• _DATASET EXTRACT_:
#####

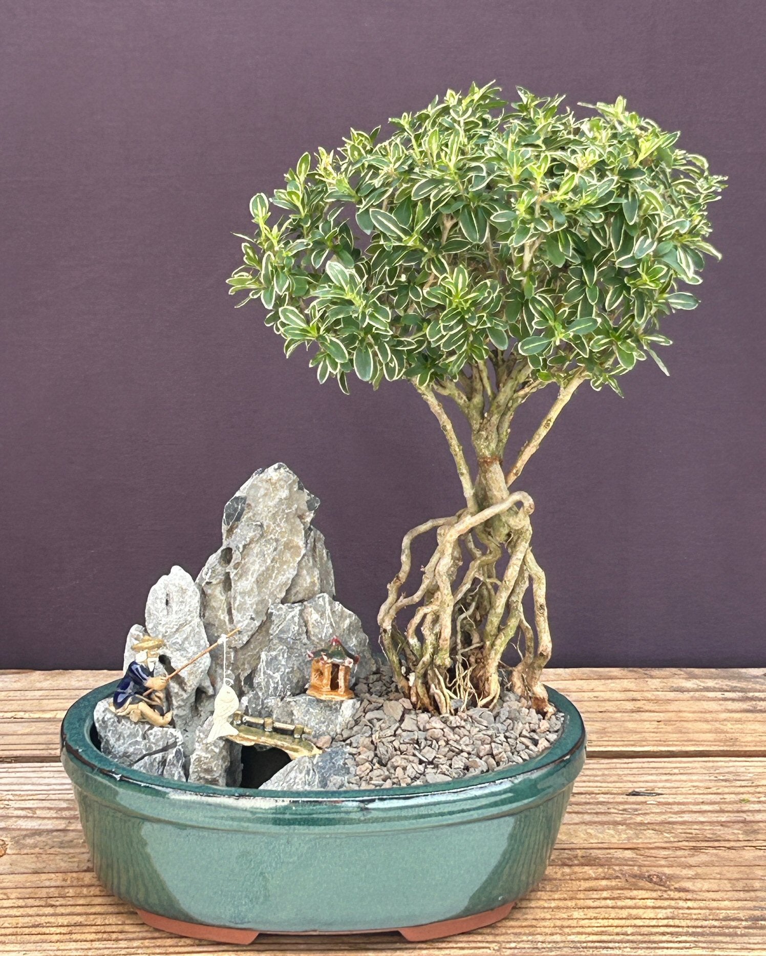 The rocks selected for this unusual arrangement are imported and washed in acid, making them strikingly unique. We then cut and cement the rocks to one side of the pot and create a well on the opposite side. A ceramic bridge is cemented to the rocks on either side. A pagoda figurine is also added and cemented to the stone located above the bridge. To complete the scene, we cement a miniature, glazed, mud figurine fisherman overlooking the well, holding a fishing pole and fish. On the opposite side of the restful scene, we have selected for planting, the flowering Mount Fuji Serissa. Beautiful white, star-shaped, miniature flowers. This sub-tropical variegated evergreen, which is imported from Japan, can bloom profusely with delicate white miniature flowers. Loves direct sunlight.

#####

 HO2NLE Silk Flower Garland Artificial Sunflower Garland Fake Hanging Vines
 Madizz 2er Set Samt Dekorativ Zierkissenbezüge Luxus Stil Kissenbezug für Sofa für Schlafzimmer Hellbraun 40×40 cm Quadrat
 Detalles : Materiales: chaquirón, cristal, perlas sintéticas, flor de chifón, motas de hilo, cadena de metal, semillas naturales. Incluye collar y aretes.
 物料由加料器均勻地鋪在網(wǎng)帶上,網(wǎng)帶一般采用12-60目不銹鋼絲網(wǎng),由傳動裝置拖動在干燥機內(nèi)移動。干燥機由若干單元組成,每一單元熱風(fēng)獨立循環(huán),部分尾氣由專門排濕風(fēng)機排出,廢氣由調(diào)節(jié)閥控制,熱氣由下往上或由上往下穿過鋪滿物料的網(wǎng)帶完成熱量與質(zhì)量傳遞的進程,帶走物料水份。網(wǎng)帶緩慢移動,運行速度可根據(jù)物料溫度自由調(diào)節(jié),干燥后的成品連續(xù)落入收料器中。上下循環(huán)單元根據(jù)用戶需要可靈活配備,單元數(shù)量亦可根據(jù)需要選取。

#####

• _TASK_: Going back over the entries above, copy word for word every line from the one that has "Detalles : Materiales: chaquirón, cristal, perlas" on through the one that has "物料由加料器均勻地鋪在網(w".

• _TASK RESULT_:
 Detalles : Materiales: chaquirón, cristal, perlas sintéticas, flor de chifón, motas de hilo, cadena de metal, semillas naturales. Incluye collar y aretes.
 物料由加料器均勻地鋪在網(wǎng)帶上,網(wǎng)帶一般采用12-60目不銹鋼絲網(wǎng),由傳動裝置拖動在干燥機內(nèi)移動。干燥機由若干單元組成,每一單元熱風(fēng)獨立循環(huán),部分尾氣由專門排濕風(fēng)機排出,廢氣由調(diào)節(jié)閥控制,熱氣由下往上或由上往下穿過鋪滿物料的網(wǎng)帶完成熱量與質(zhì)量傳遞的進程,帶走物料水份。網(wǎng)帶緩慢移動,運行速度可根據(jù)物料溫度自由調(diào)節(jié),干燥后的成品連續(xù)落入收料器中。上下循環(huán)單元根據(jù)用戶需要可靈活配備,單元數(shù)量亦可根據(jù)需要選取。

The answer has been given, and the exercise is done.